Writer, performer, management consultant

An Australian living in London.  A self-employed training consultant to the global health care industry.  A producer, director and performer of improv comedy.  A trustee of an adult education charity in West London.  A writer and occaisional blogger

 

 

This is not a complaint

My working life began in 1989 when I finished my Business degree and became a ‘Trade Marketing Associate’ for Unilever Australia.  I have been self-employed since 1992.  I have been operating on a Headcount: 1 model since 2003.  I have never been as busy as these last four months.  The last time I got to the bottom of my ‘To Do’ list was June.  My working day begins with an new iteration of the urgent doing battle with the important.  Client demands have crowded my every personal project, including, obviously, this blog.

But this is not a complaint.  What very bliss it is to have built a thing, business, and find that it is in demand.  My diary is full and my mind is entirely focused on doing this one next task as well as I can.  The operational part of my business has no choice but to operate under the assumption that the fundamentals are in place.
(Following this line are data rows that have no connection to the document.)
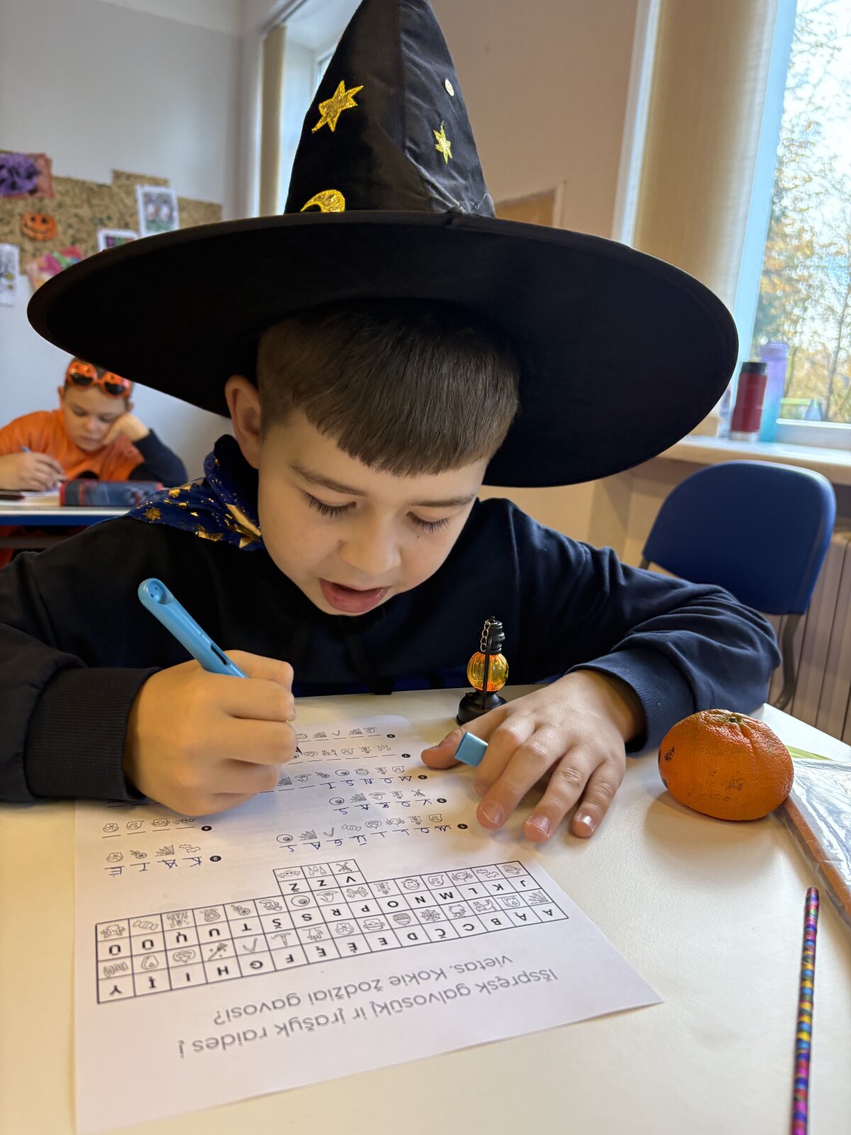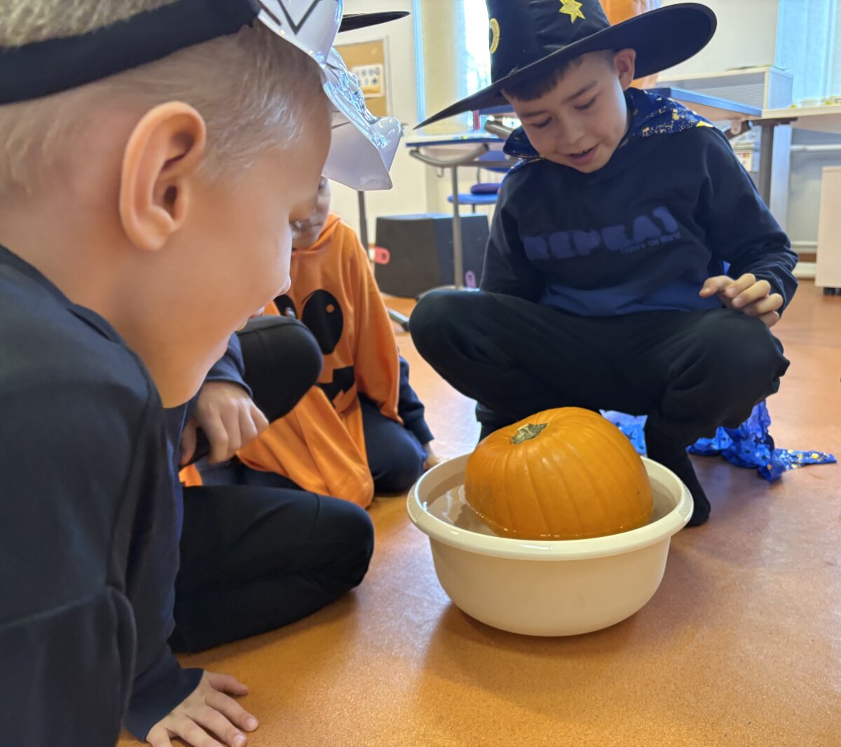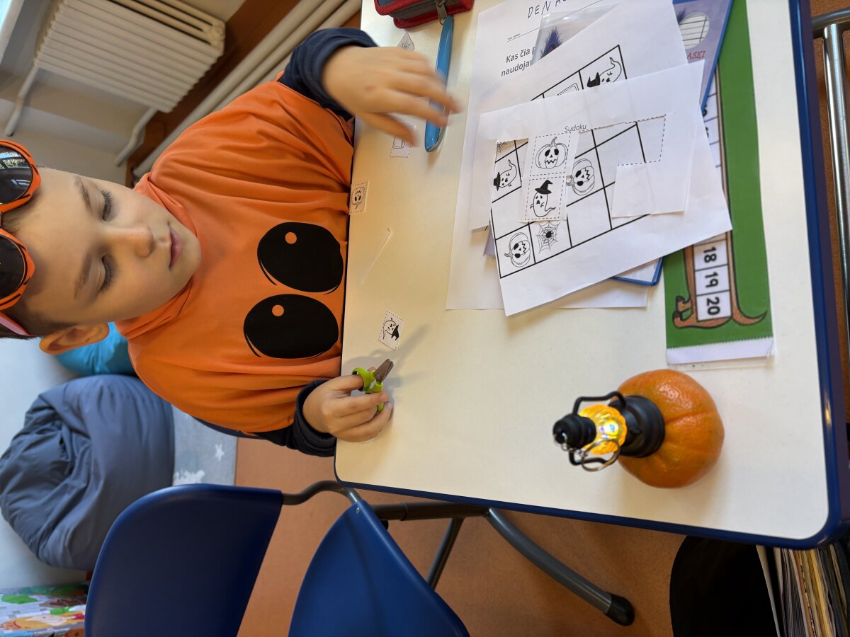 Vaikai klausėsi pasakos „Moliūgas – rudens karalius“, diskutavo, kodėl moliūgas vadinamas rudens simboliu. Pamokos kulminacija tapo kūrybinė veikla – moliūgų skaptavimas. Mokiniai džiaugėsi galėdami savo rankomis sukurti linksmą moliūgą. Klasėje tvyrojo smagus šurmulys, kūrybiška nuotaika ir tikras rudens kvapas!
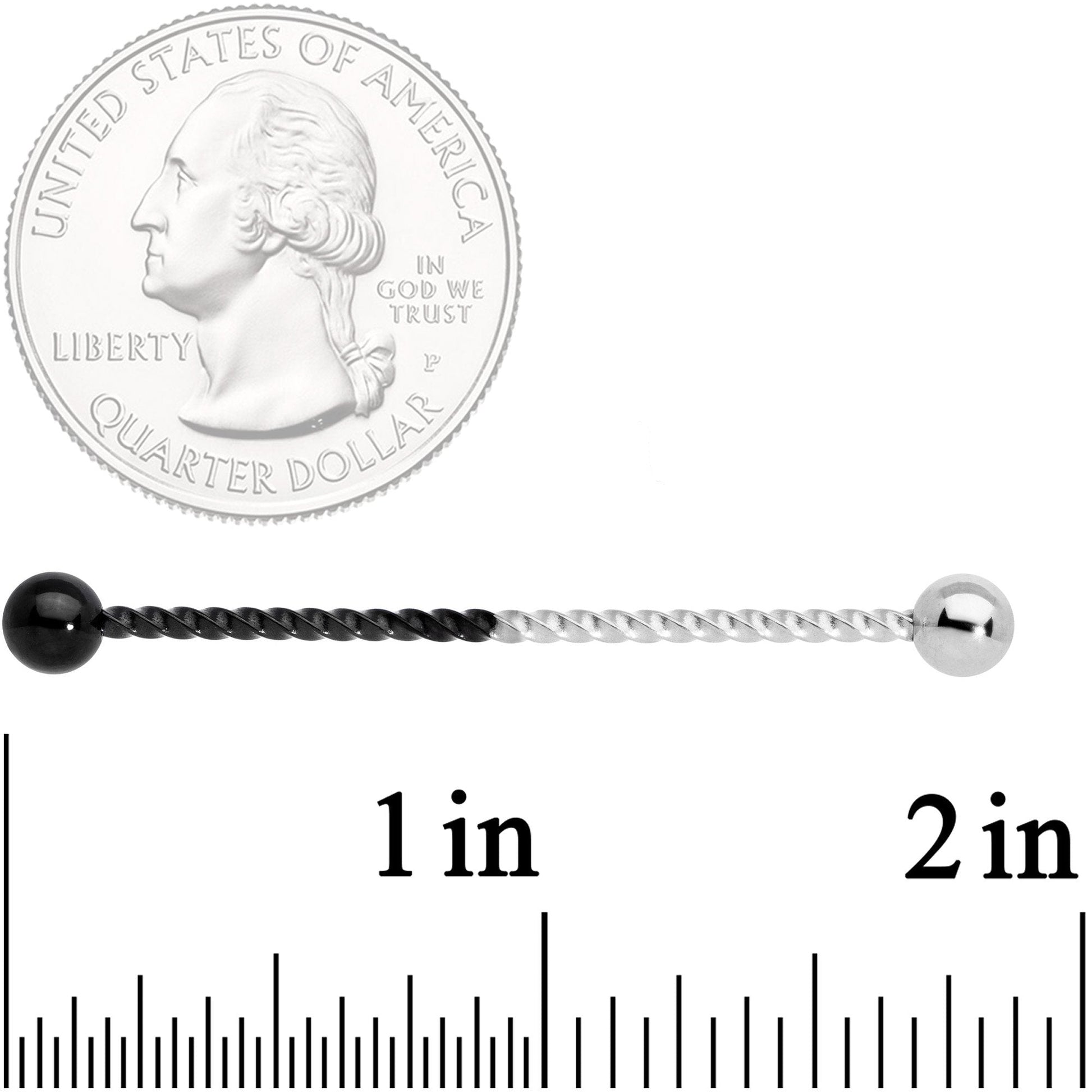 This 14 gauge industrial earring gives you a look that's subtle but still has plenty of detail to keep your attention! It's made with a 1 1/2" half black anodized over 316L surgical grade stainless steel twisted straight barbell and half durable 316L surgical grade stainless steel twisted straight barbell. It has 5mm ball ends. Pop this in your piercing for a look that's subtly colorful...and totally twisted!Specifications
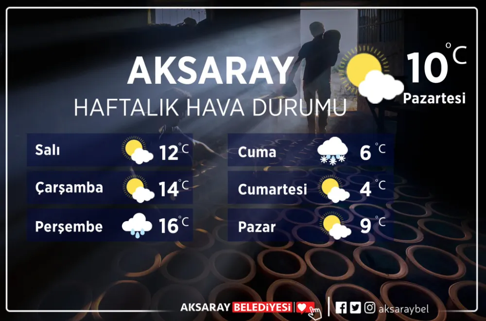 Hafta boyunca Aksaray’da hava sıcaklıkları ciddi dalgalanma gösterecek. Bu nedenle vatandaşların günlük hava durumunu takip ederek kıyafet tercihlerini dikkatli yapmaları öneriliyor. Özellikle hafta sonu soğuk ve yağışlı hava koşullarına karşı tedbirli olunmalı.
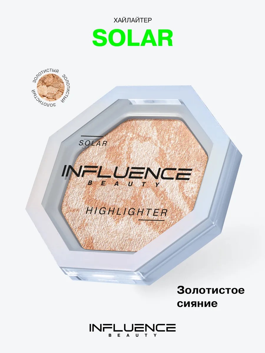 Хайлайтер для лица SOLAR от INFLUENCE BEAUTY – это незаменимая косметика для создания красивого образа. С нежным мерцающим глиттером, данный сухой хайлайтер с золотым сиянием создает эффект атласной кожи и красиво искрится в лучах света. Крошечные блестки и шиммер обеспечивают роскошное сияние, добавляя блеск и красоту вашему макияжу. Благодаря технологии NOVAMIX сияющие частицы и пигменты сухого хайлайтера перемешиваются отдельными слоями, что позволяет высветлить те участки, на которых вы хотите акцентировать внимание. В ассортименте представлены 2 тона хайлайтера, которые идеально подойдут как для лица, так и для тела. В наборе с жидкими румянами, кремовыми тенями в палетке и бронзером-скульптором в стике вы получите сногсшибательный makeup – отличный выбор для профессиональных визажистов. Продукция не тестируется на животных и не содержит компонентов животного происхождения, что делает ее идеальным выбором для женщин, заботящихся о своей красоте и этичности. Самый трендовый финиш в макияже лица с этим хайлайтером! СПОСОБ ПРИМЕНЕНИЯ: чтобы выделить и подчеркнуть определенные зоны лица, наносите хайлайтер кистью или пальцами на его выступающие участки, так как именно на них в первую очередь падает свет. Для более интенсивного сияющего эффекта в макияже лица наносите хайлайтер на влажную кожу. Дайте своему лицу и глазам блестящий и сияющий вид с помощью этого идеального декоративного средства!

Even so, I wonder about the longer-term sustainability of it all.  The next round of plane flights need to be booked tonight whether I'm fatigued or not.  I am busy because I have a reputation for high standards.  In such a world there is no such thing as a small mistake: any slip-up costs me with time, money or kudos.  This is self-employment at its least forgiving.

The obvious solution is to take on staff, at least someone to deal with the more bone-headed stuff like collating expenses and organising hotels but to do so would be to shift away from a business model that has served me so well for almost ten years.  I hesitate because I question my ability to forgive.  Of late I've started snapping at my suppliers for (often imagined) inefficiencies.  God knows what I'd be like to share an office with 40 hours a week.  If I'm going to go back to being a boss then I have to improve my communication and get better at setting expectations and rediscovering the knack of cutting a bit of slack.  I'm unconvinced that I'm up to the task.  

Right now I'm approaching this new phase suspicious that if I take on staff then they will let me down.  In the space of 400 words I've gone from not complaining about being busy to actually complaining about imaginary staff.  Even so, I suspect that 2013 will be the year they stop being imaginary.